▸ AIM OF THE TASK
Once the line holding "2018年12月8日由我院刘" appears, repeat it and each line after it to the end of the data, exactly and with nothing else; pictures stay out.

Source records
■ ■ ■ ■

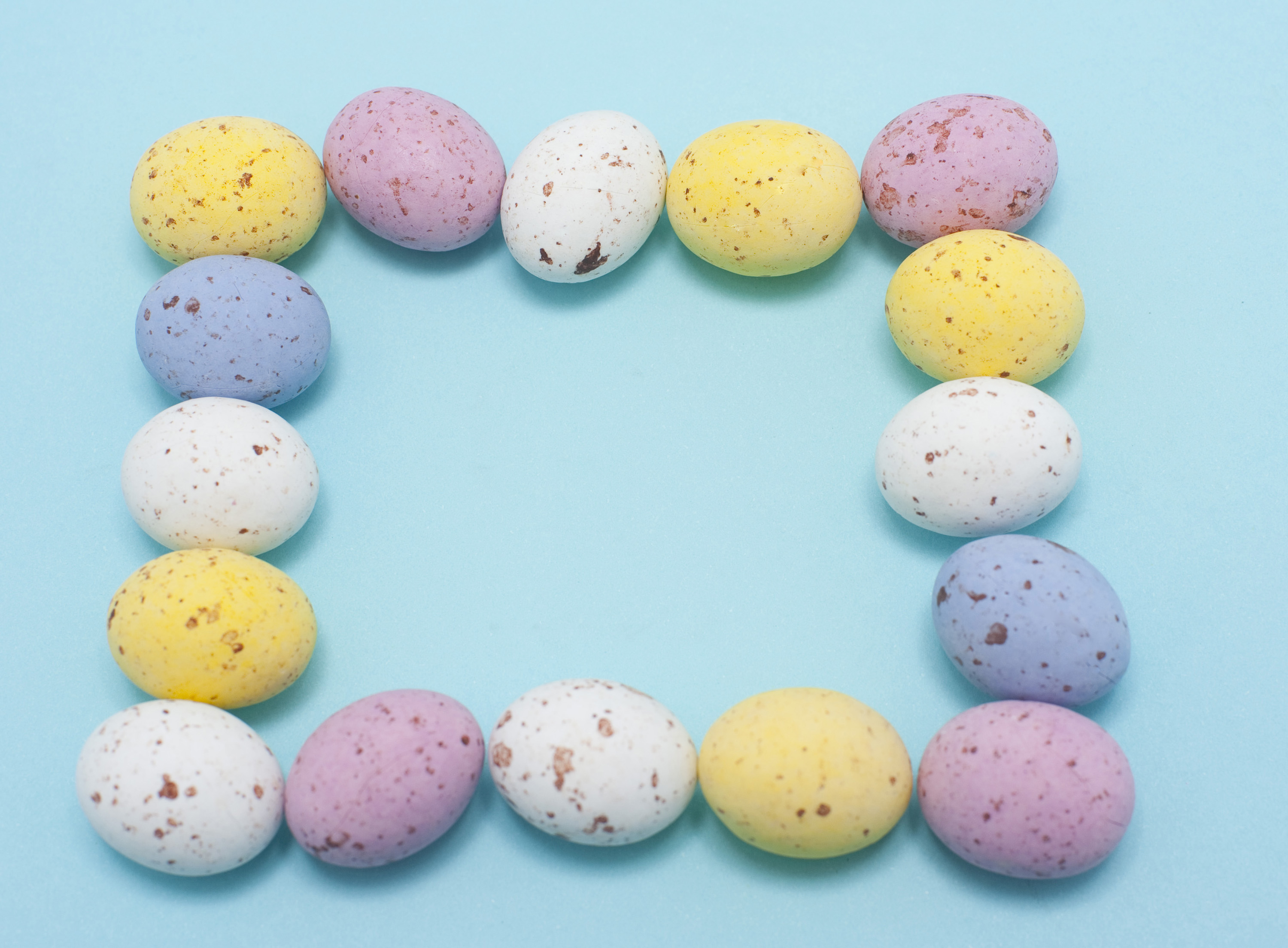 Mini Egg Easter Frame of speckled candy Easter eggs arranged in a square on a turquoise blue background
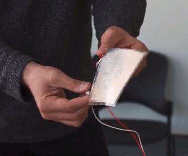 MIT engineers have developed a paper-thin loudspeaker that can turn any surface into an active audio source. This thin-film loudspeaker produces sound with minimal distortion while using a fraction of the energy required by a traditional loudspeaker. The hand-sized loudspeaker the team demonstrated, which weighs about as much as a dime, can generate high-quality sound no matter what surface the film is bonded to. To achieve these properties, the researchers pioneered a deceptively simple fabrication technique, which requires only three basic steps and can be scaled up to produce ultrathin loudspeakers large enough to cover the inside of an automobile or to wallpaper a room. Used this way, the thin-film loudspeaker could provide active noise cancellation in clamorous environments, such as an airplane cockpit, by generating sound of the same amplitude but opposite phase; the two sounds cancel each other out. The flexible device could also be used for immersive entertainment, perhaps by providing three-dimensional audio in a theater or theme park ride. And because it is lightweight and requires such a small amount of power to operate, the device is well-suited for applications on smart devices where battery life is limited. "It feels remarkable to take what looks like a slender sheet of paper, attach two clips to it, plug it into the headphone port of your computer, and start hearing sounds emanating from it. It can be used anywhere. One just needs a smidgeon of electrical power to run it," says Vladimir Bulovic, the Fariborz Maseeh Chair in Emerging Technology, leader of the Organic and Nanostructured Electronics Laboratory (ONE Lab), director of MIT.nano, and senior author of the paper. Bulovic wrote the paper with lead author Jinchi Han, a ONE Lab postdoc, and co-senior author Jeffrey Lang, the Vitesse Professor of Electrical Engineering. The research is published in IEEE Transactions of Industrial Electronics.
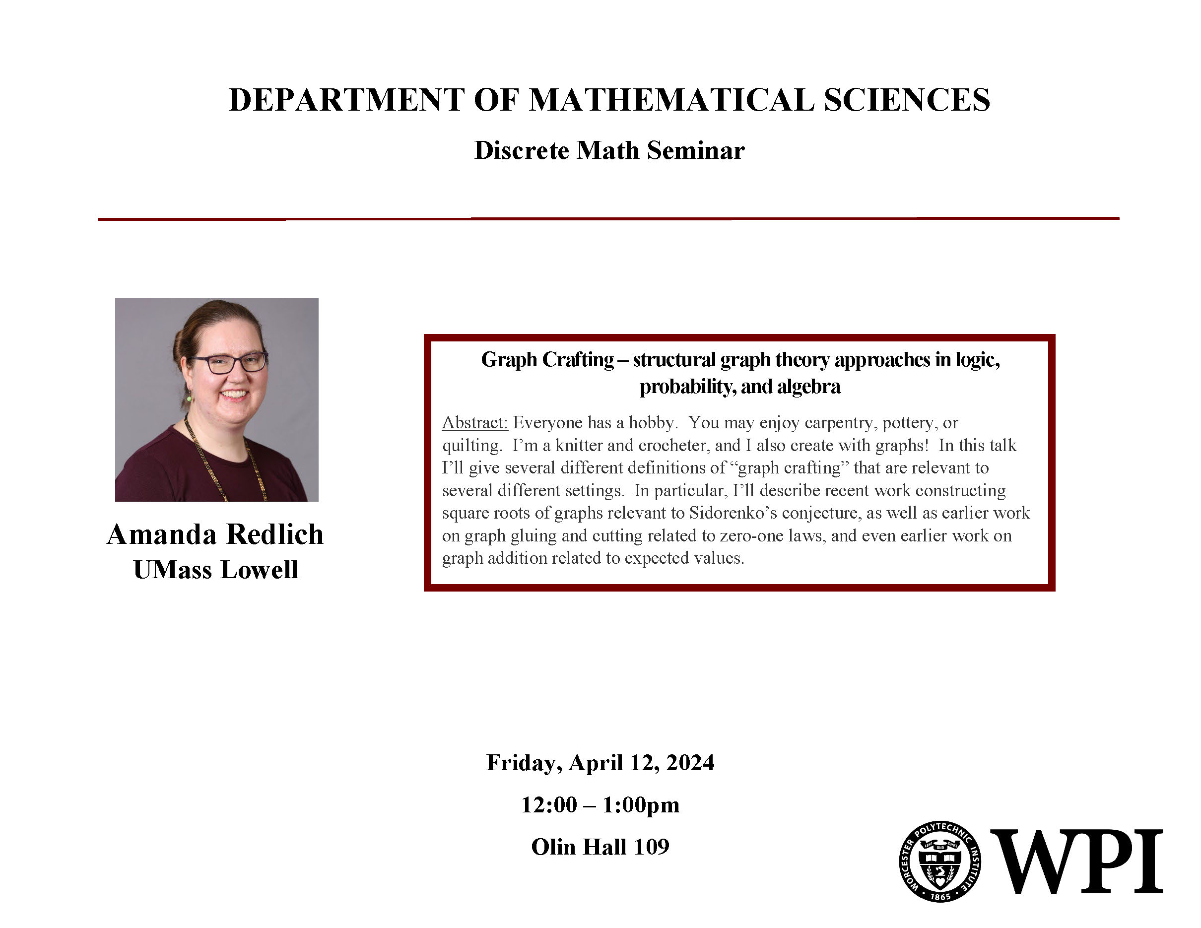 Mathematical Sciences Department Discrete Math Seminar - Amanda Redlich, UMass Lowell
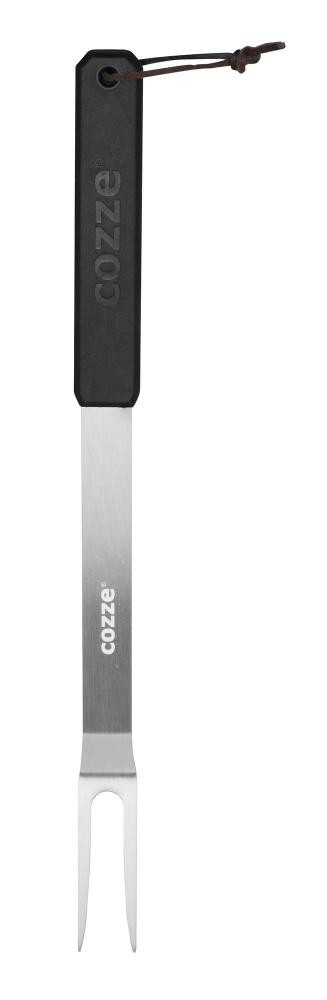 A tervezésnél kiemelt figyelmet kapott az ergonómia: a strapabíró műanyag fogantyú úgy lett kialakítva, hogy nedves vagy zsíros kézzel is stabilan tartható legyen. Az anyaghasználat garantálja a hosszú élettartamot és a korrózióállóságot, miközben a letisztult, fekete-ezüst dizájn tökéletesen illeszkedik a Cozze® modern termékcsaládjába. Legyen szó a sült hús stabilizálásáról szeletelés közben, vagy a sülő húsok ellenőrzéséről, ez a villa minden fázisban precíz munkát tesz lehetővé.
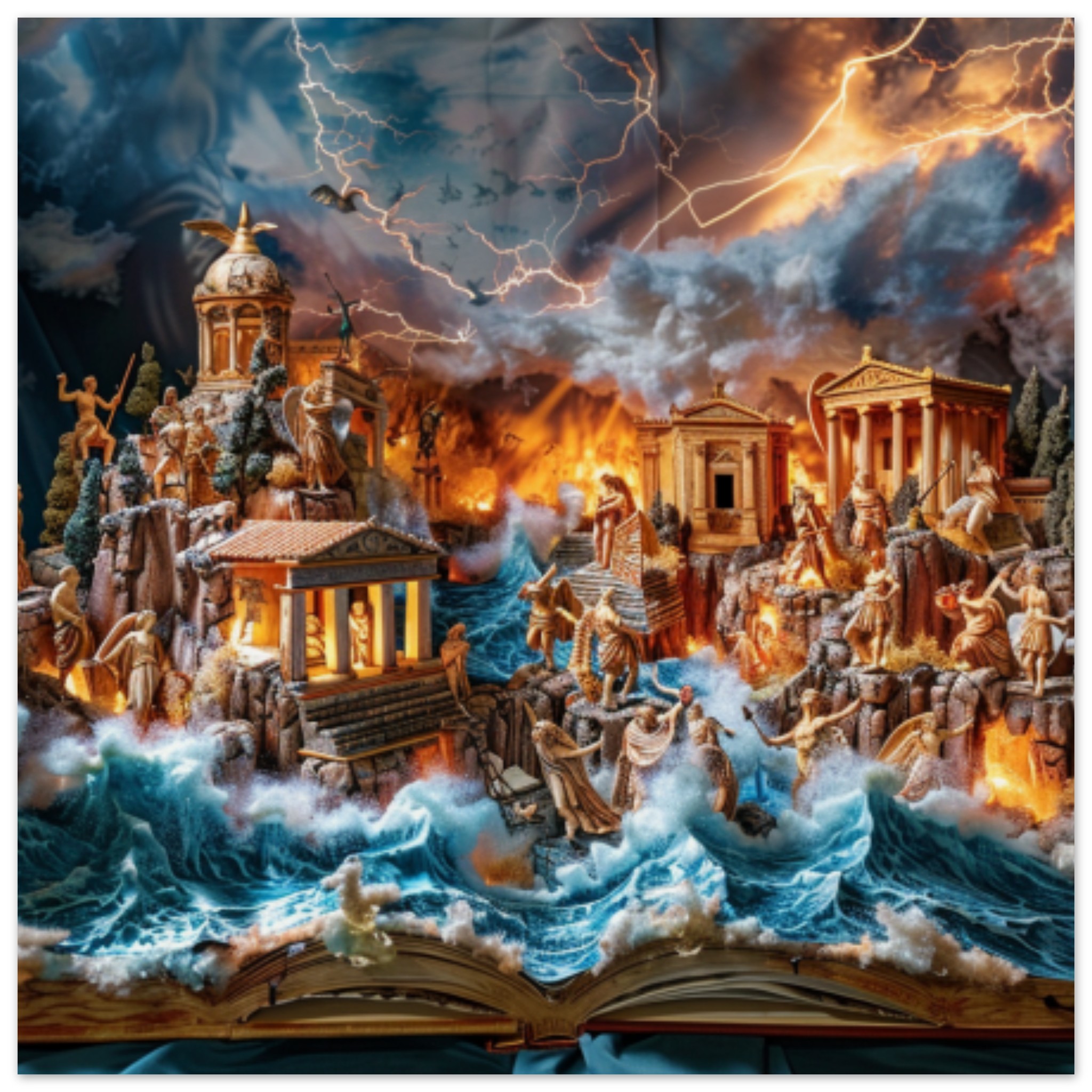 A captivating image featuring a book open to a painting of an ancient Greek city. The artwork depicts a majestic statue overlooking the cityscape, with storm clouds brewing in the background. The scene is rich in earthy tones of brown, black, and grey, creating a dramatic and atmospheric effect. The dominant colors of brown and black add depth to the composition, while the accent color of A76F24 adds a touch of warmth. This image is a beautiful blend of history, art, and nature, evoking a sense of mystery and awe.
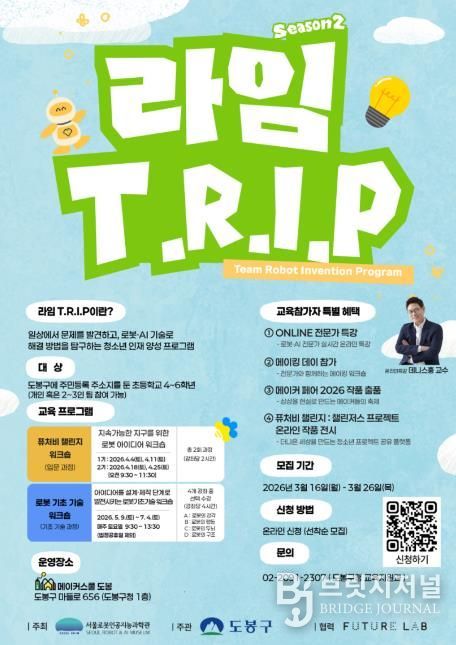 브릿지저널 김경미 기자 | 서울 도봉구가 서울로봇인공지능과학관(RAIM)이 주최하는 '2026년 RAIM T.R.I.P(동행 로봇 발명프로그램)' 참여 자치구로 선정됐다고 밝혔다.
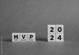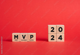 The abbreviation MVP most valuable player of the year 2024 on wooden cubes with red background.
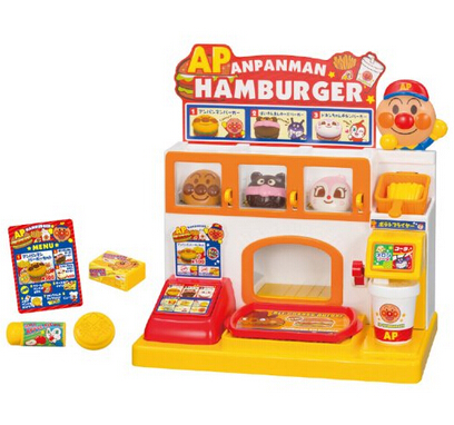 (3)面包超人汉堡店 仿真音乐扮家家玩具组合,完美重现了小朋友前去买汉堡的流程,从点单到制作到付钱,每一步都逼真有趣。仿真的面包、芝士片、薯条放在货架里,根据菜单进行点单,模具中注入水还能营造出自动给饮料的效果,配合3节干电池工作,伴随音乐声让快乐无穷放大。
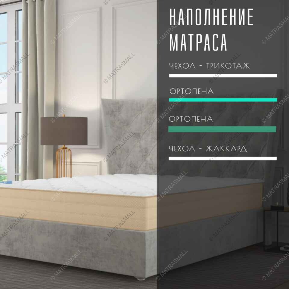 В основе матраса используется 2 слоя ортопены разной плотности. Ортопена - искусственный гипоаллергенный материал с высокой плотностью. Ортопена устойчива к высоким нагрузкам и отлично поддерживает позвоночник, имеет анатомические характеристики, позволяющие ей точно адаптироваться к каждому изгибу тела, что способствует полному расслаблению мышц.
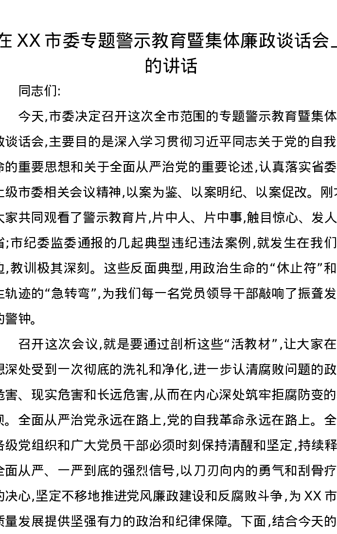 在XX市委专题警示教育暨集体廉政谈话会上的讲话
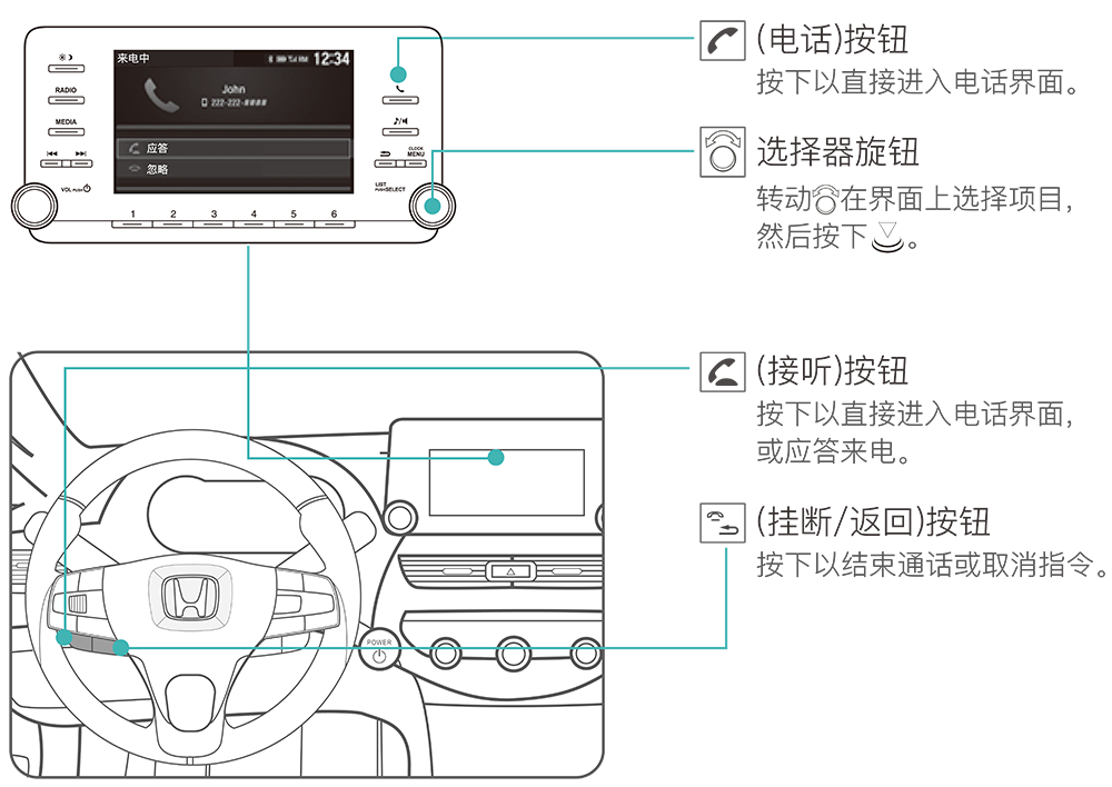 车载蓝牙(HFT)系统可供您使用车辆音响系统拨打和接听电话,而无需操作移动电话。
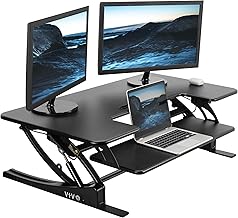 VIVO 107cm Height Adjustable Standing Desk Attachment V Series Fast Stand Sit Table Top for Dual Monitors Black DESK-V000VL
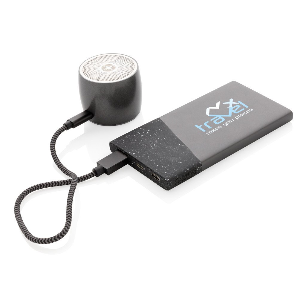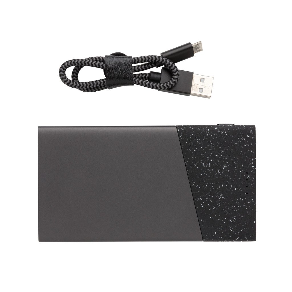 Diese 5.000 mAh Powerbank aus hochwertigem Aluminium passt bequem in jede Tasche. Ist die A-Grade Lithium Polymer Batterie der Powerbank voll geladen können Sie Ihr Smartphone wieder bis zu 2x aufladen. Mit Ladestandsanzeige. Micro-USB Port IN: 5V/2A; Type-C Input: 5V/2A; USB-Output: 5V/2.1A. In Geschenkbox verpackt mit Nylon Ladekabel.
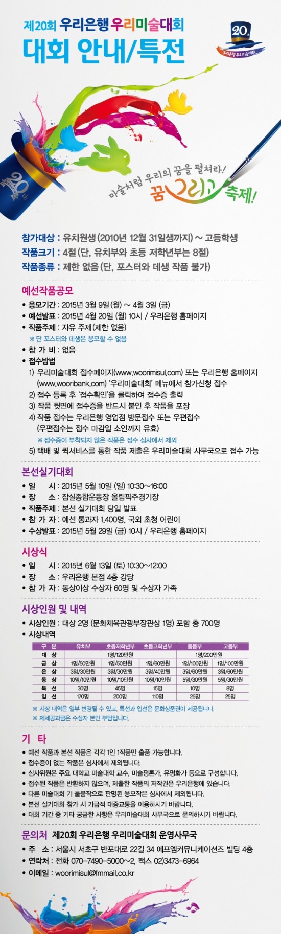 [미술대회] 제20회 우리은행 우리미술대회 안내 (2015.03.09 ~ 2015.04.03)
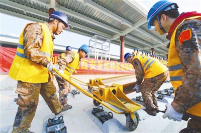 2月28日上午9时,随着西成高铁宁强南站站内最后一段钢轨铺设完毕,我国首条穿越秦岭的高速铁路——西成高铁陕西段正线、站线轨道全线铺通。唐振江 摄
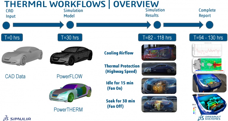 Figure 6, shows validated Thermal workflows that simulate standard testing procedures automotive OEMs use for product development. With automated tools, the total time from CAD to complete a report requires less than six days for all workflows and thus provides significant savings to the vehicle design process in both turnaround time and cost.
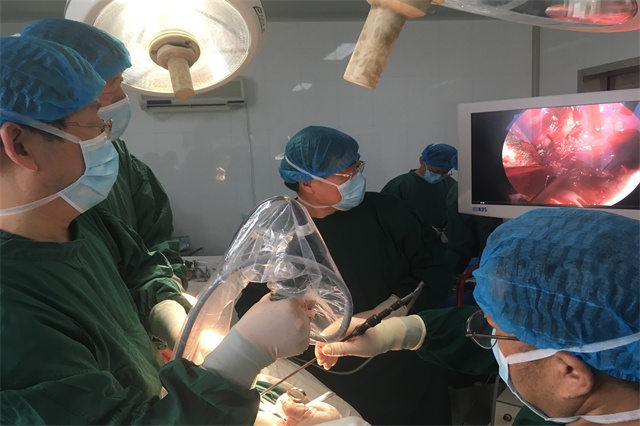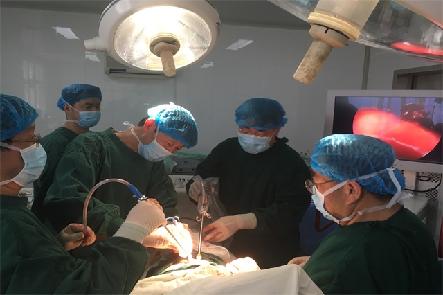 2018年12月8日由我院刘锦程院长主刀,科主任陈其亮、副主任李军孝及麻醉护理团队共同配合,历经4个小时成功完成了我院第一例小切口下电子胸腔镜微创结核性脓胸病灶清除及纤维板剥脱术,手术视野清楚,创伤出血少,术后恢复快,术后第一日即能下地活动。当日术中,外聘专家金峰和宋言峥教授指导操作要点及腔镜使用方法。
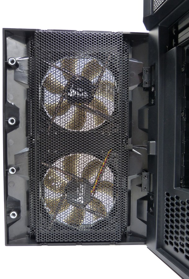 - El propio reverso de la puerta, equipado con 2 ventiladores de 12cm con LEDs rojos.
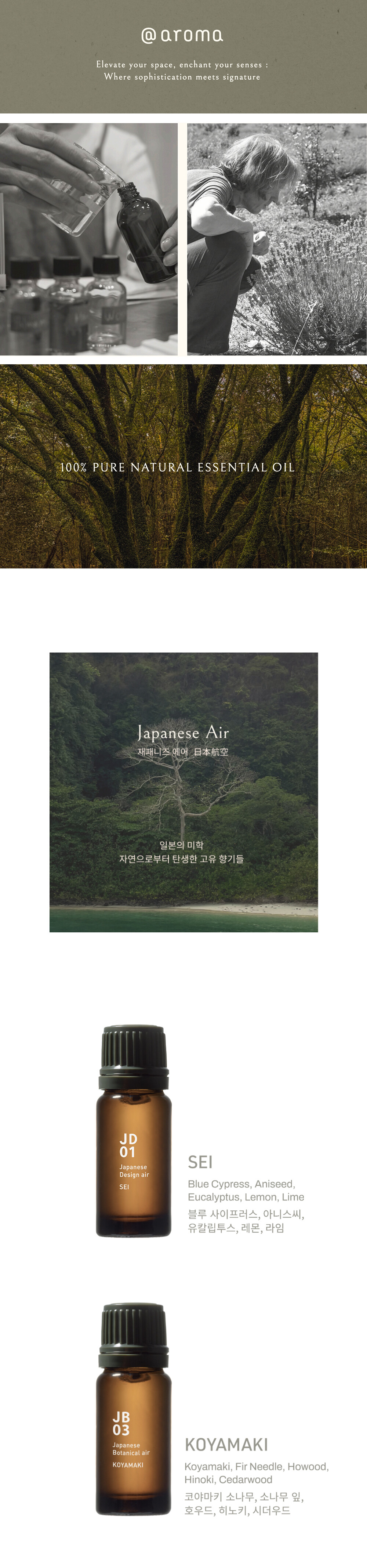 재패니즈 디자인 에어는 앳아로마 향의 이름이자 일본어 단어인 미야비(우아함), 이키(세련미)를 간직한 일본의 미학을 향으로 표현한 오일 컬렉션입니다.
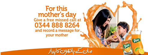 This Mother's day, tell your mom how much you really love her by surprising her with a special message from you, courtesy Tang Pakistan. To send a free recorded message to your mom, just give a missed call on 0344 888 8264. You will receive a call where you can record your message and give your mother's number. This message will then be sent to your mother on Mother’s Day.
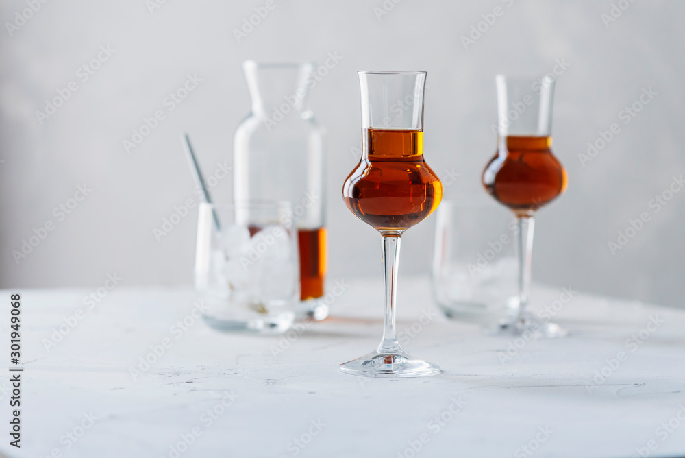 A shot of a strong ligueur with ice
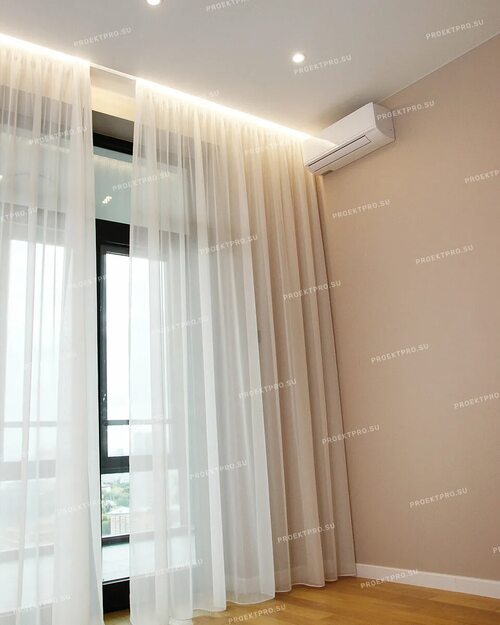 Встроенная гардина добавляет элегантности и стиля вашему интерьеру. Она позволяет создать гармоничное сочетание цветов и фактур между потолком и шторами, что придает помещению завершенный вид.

■ ■ ■ ■

▸ EXERCISE ANSWER
 2018年12月8日由我院刘锦程院长主刀,科主任陈其亮、副主任李军孝及麻醉护理团队共同配合,历经4个小时成功完成了我院第一例小切口下电子胸腔镜微创结核性脓胸病灶清除及纤维板剥脱术,手术视野清楚,创伤出血少,术后恢复快,术后第一日即能下地活动。当日术中,外聘专家金峰和宋言峥教授指导操作要点及腔镜使用方法。
 - El propio reverso de la puerta, equipado con 2 ventiladores de 12cm con LEDs rojos.
 재패니즈 디자인 에어는 앳아로마 향의 이름이자 일본어 단어인 미야비(우아함), 이키(세련미)를 간직한 일본의 미학을 향으로 표현한 오일 컬렉션입니다.
 This Mother's day, tell your mom how much you really love her by surprising her with a special message from you, courtesy Tang Pakistan. To send a free recorded message to your mom, just give a missed call on 0344 888 8264. You will receive a call where you can record your message and give your mother's number. This message will then be sent to your mother on Mother’s Day.
 A shot of a strong ligueur with ice
 Встроенная гардина добавляет элегантности и стиля вашему интерьеру. Она позволяет создать гармоничное сочетание цветов и фактур между потолком и шторами, что придает помещению завершенный вид.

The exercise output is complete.